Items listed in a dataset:
★ ★ ★

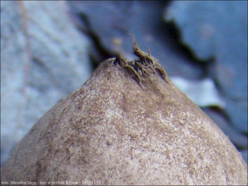| 2015.12.27 | Puszcza Knyszyńska, okolice Czołnowa. | Las mieszany; gruba warstwa ściółki przy zbutwiałym pniaku. Stanowisko zgłoszone do Krajowego Rejestru GREJ: ID 279340. Eksykat: BGF0005924.
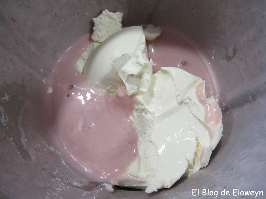 Con Thermomix: Si habéis hecho igual que yo y habéis dejado la mezcla con las fresas en la Thermomix y habéis montado la nata (crema de leche) con varillas (KitchenAid o robot con accesorio de varillas), mezclamos 20 segundos, velocidad 10.
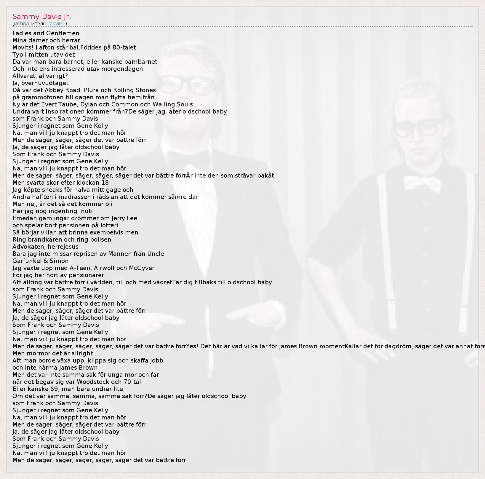 Ladies and Gentlemen Mina damer och herrar Movits! i afton står bal.Föddes på 80-talet Typ i mitten utav det Då var man bara barnet, eller kanske barnbarnet Och inte ens intresserad utav morgondagen Allvaret, allvarligt? Ja, överhuvudtaget Då var det Abbey Road, Plura och Rolling Stones på grammofonen till dagen man flytta hemifrån Ny är det Evert Taube, Dylan och Common och Wailing Souls Undra vart inspirationen kommer från?De säger jag låter oldschool baby som Frank och Sammy Davis Sjunger i regnet som Gene Kelly Nä, man vill ju knappt tro det man hör Men de säger, säger, säger det var bättre förr Ja, de säger jag låter oldschool baby Som Frank och Sammy Davis Sjunger i regnet som Gene Kelly Nä, man vill ju knappt tro det man hör Men de säger, säger, säger, säger, säger det var bättre förrÄr inte den som strävar bakåt Men svarta skor efter klockan 18 Jag köpte sneaks för halva mitt gage och Andra hälften i madrassen i rädslan att det kommer sämre dar Men nej, är det så det kommer bli Har jag nog ingenting inuti Emedan gamlingar drömmer om Jerry Lee och spelar bort pensionen på lotteri Så börjar villan att brinna exempelvis men Ring brandkåren och ring polisen Advokaten, herrejesus Bara jag inte missar reprisen av Mannen från Uncle Garfunkel & Simon Jag växte upp med A-Teen, Airwolf och McGyver För jag har hört av pensionärer Att allting var bättre förr i världen, till och med vädretTar dig tillbaks till oldschool baby som Frank och Sammy Davis Sjunger i regnet som Gene Kelly Nä, man vill ju knappt tro det man hör Men de säger, säger, säger det var bättre förr Ja, de säger jag låter oldschool baby Som Frank och Sammy Davis Sjunger i regnet som Gene Kelly Nä, man vill ju knappt tro det man hör Men de säger, säger, säger, säger, säger det var bättre förrYes! Det här är vad vi kallar för James Brown momentKallar det för dagdröm, säger det var annat förr Men mormor det är allright Att man borde växa upp, klippa sig och skaffa jobb och inte härma James Brown Men det var inte samma sak för unga mor och far när det begav sig var Woodstock och 70-tal Eller kanske 69, man bara undrar lite Om det var samma, samma, samma sak förr?De säger jag låter oldschool baby som Frank och Sammy Davis Sjunger i regnet som Gene Kelly Nä, man vill ju knappt tro det man hör Men de säger, säger, säger det var bättre förr Ja, de säger jag låter oldschool baby Som Frank och Sammy Davis Sjunger i regnet som Gene Kelly Nä, man vill ju knappt tro det man hör Men de säger, säger, säger, säger, säger det var bättre förr.
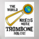 The world needs more trombone solos text with the image of the earth in the bell of a trombone is a funny low brass gift design for horn musicians, students and teachers in concert, jazz and marching band
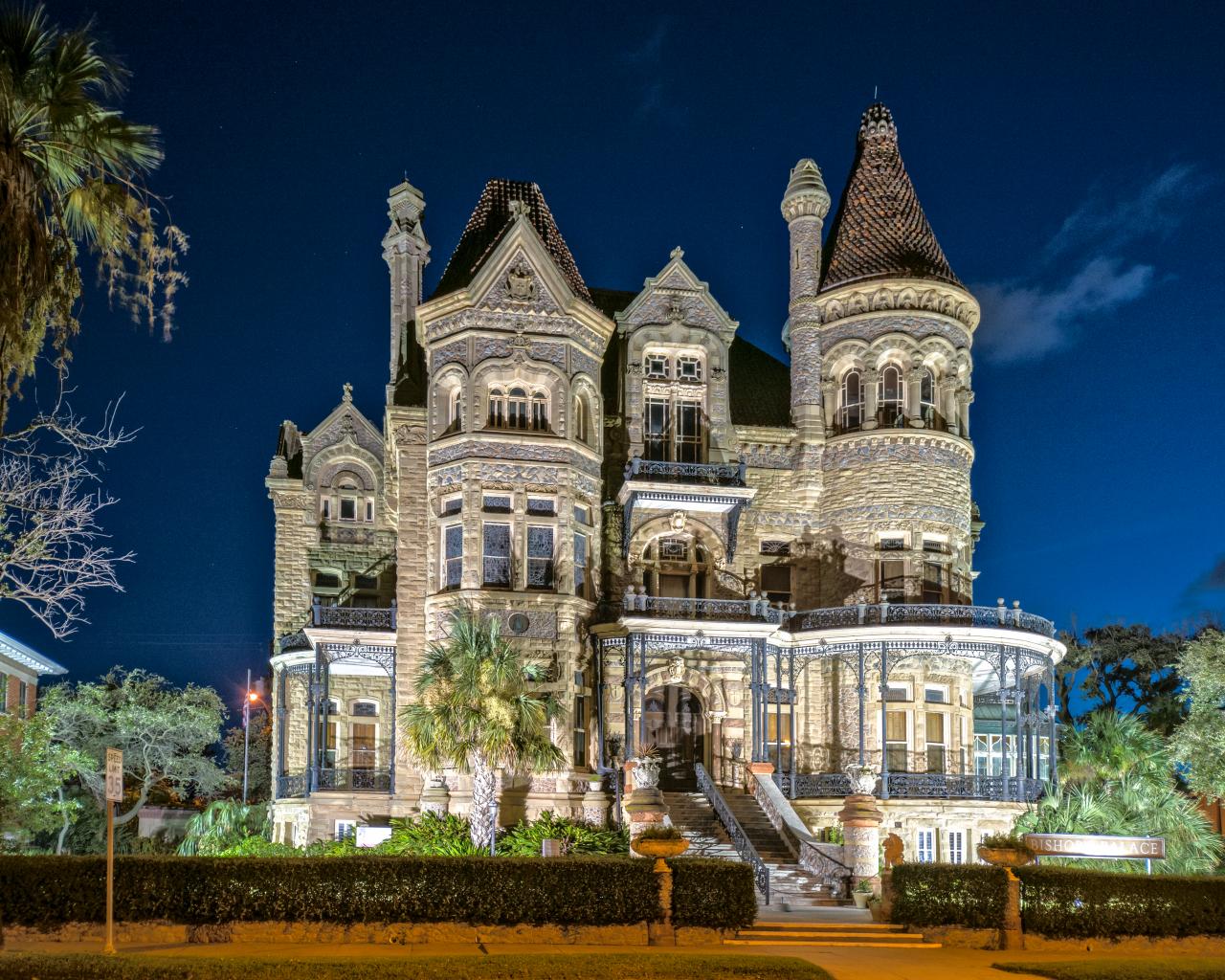 Wallpaper Beautiful mansion at night in the city of Galveston, Texas
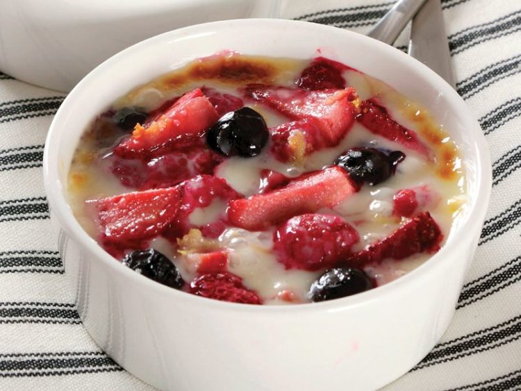 - Küp doğradığınız çilekler, frambuaz ve yaban mersinini geniş bir kasede harmanlayıp ısıya dayanıklı servis kaplarına paylaştırın..
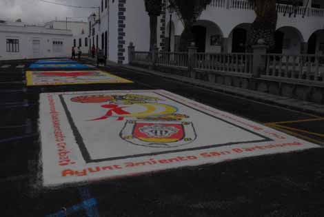 El Ayuntamiento de San Bartolomé realizó 3 alfombras una del Departamento de Juventud, otra a cargo de la Ludoteca y una tercera con las participantes en el Buchito de Café.
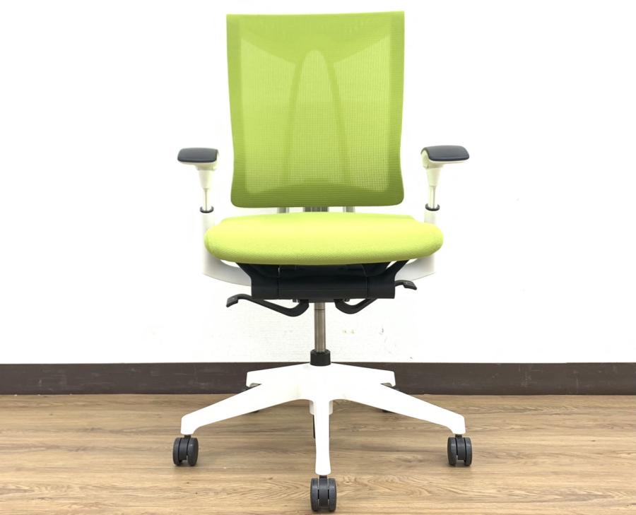 【2019年製ほぼ状態Aランク】20%OFF商品入替セール!状態良好元気カラーグリーンセレーオ(Celeeo)チェア※可動肘掛け&ホワイトフレーム仕様◆イトーキ製【RP】サーキュラーバリューCO2削減量の算出について
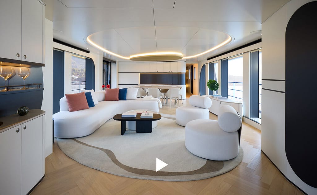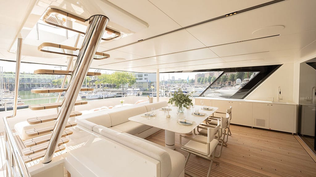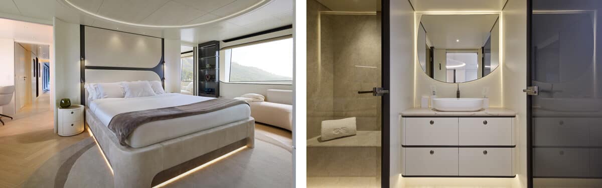 ONE is the product of a deliberate collaboration between exterior designer Guido de Groot and interior designer Carla Guilhem. De Groot’s exterior work gives the yacht a resolute silhouette: clean, forward‑thrusting lines with the aft fashion plates rising to meet the hardtop in a continuous sweep. Guilhem’s interiors aim to balance beauty with livability, producing a comfortable environment intended for extended cruising and entertaining.

★ ★ ★

WHAT YOU HAVE TO DO:
Set down every record exactly as written, but drop the pictures.

WRITTEN SOLUTION:
| 2015.12.27 | Puszcza Knyszyńska, okolice Czołnowa. | Las mieszany; gruba warstwa ściółki przy zbutwiałym pniaku. Stanowisko zgłoszone do Krajowego Rejestru GREJ: ID 279340. Eksykat: BGF0005924.
 Con Thermomix: Si habéis hecho igual que yo y habéis dejado la mezcla con las fresas en la Thermomix y habéis montado la nata (crema de leche) con varillas (KitchenAid o robot con accesorio de varillas), mezclamos 20 segundos, velocidad 10.
 Ladies and Gentlemen Mina damer och herrar Movits! i afton står bal.Föddes på 80-talet Typ i mitten utav det Då var man bara barnet, eller kanske barnbarnet Och inte ens intresserad utav morgondagen Allvaret, allvarligt? Ja, överhuvudtaget Då var det Abbey Road, Plura och Rolling Stones på grammofonen till dagen man flytta hemifrån Ny är det Evert Taube, Dylan och Common och Wailing Souls Undra vart inspirationen kommer från?De säger jag låter oldschool baby som Frank och Sammy Davis Sjunger i regnet som Gene Kelly Nä, man vill ju knappt tro det man hör Men de säger, säger, säger det var bättre förr Ja, de säger jag låter oldschool baby Som Frank och Sammy Davis Sjunger i regnet som Gene Kelly Nä, man vill ju knappt tro det man hör Men de säger, säger, säger, säger, säger det var bättre förrÄr inte den som strävar bakåt Men svarta skor efter klockan 18 Jag köpte sneaks för halva mitt gage och Andra hälften i madrassen i rädslan att det kommer sämre dar Men nej, är det så det kommer bli Har jag nog ingenting inuti Emedan gamlingar drömmer om Jerry Lee och spelar bort pensionen på lotteri Så börjar villan att brinna exempelvis men Ring brandkåren och ring polisen Advokaten, herrejesus Bara jag inte missar reprisen av Mannen från Uncle Garfunkel & Simon Jag växte upp med A-Teen, Airwolf och McGyver För jag har hört av pensionärer Att allting var bättre förr i världen, till och med vädretTar dig tillbaks till oldschool baby som Frank och Sammy Davis Sjunger i regnet som Gene Kelly Nä, man vill ju knappt tro det man hör Men de säger, säger, säger det var bättre förr Ja, de säger jag låter oldschool baby Som Frank och Sammy Davis Sjunger i regnet som Gene Kelly Nä, man vill ju knappt tro det man hör Men de säger, säger, säger, säger, säger det var bättre förrYes! Det här är vad vi kallar för James Brown momentKallar det för dagdröm, säger det var annat förr Men mormor det är allright Att man borde växa upp, klippa sig och skaffa jobb och inte härma James Brown Men det var inte samma sak för unga mor och far när det begav sig var Woodstock och 70-tal Eller kanske 69, man bara undrar lite Om det var samma, samma, samma sak förr?De säger jag låter oldschool baby som Frank och Sammy Davis Sjunger i regnet som Gene Kelly Nä, man vill ju knappt tro det man hör Men de säger, säger, säger det var bättre förr Ja, de säger jag låter oldschool baby Som Frank och Sammy Davis Sjunger i regnet som Gene Kelly Nä, man vill ju knappt tro det man hör Men de säger, säger, säger, säger, säger det var bättre förr.
 The world needs more trombone solos text with the image of the earth in the bell of a trombone is a funny low brass gift design for horn musicians, students and teachers in concert, jazz and marching band
 Wallpaper Beautiful mansion at night in the city of Galveston, Texas
 - Küp doğradığınız çilekler, frambuaz ve yaban mersinini geniş bir kasede harmanlayıp ısıya dayanıklı servis kaplarına paylaştırın..
 El Ayuntamiento de San Bartolomé realizó 3 alfombras una del Departamento de Juventud, otra a cargo de la Ludoteca y una tercera con las participantes en el Buchito de Café.
 【2019年製ほぼ状態Aランク】20%OFF商品入替セール!状態良好元気カラーグリーンセレーオ(Celeeo)チェア※可動肘掛け&ホワイトフレーム仕様◆イトーキ製【RP】サーキュラーバリューCO2削減量の算出について
 ONE is the product of a deliberate collaboration between exterior designer Guido de Groot and interior designer Carla Guilhem. De Groot’s exterior work gives the yacht a resolute silhouette: clean, forward‑thrusting lines with the aft fashion plates rising to meet the hardtop in a continuous sweep. Guilhem’s interiors aim to balance beauty with livability, producing a comfortable environment intended for extended cruising and entertaining.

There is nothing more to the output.